[Opening Collected material section]
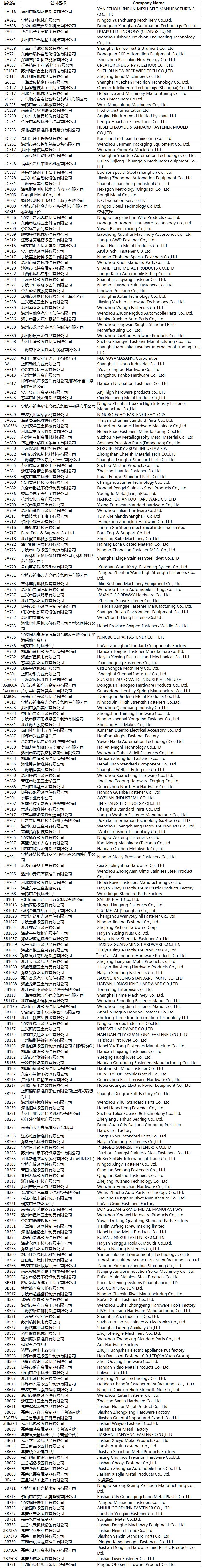 展品范围:紧固件配套设备、紧固件生产设备、紧固件材料、紧固件用模具和耗品、检测仪器、包装设备、其它相关生产技术和设备等。
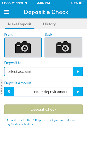 Make a photo of your check, not a trip to the bank to make deposits. Make your deposits securely on the go or after banking hours, directly into your eligible Cadence Bank checking or savings account.
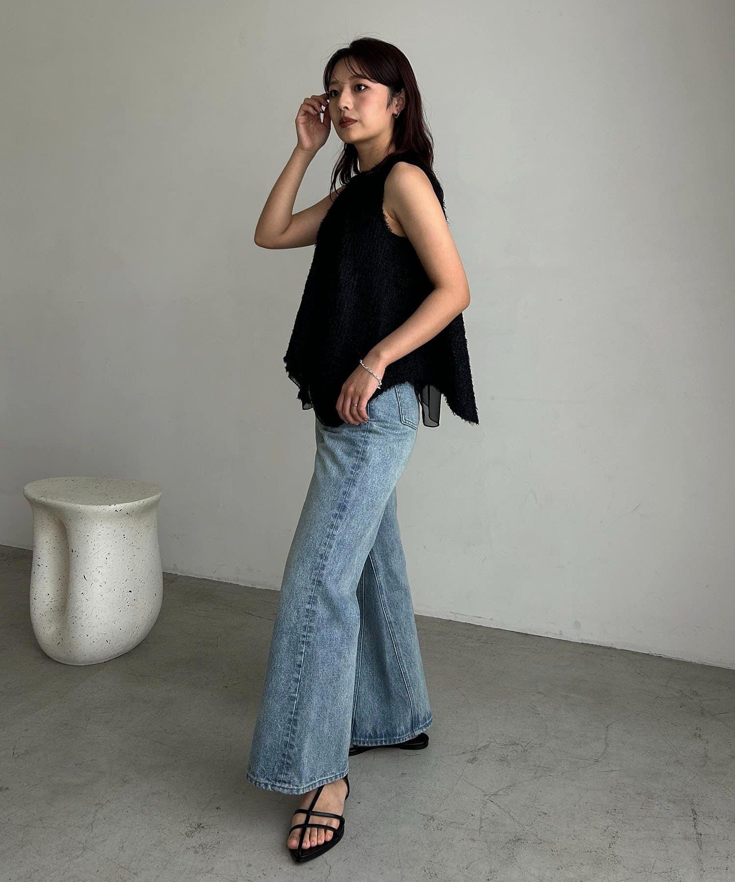 【ブラック着用アイテム】【低身長サイズあり】セミフレアデニム
[Closing Collected material section]
▸ The task
Please give the data above again in exact form and omit every picture.

▸ Task result
 展品范围:紧固件配套设备、紧固件生产设备、紧固件材料、紧固件用模具和耗品、检测仪器、包装设备、其它相关生产技术和设备等。
 Make a photo of your check, not a trip to the bank to make deposits. Make your deposits securely on the go or after banking hours, directly into your eligible Cadence Bank checking or savings account.
 【ブラック着用アイテム】【低身長サイズあり】セミフレアデニム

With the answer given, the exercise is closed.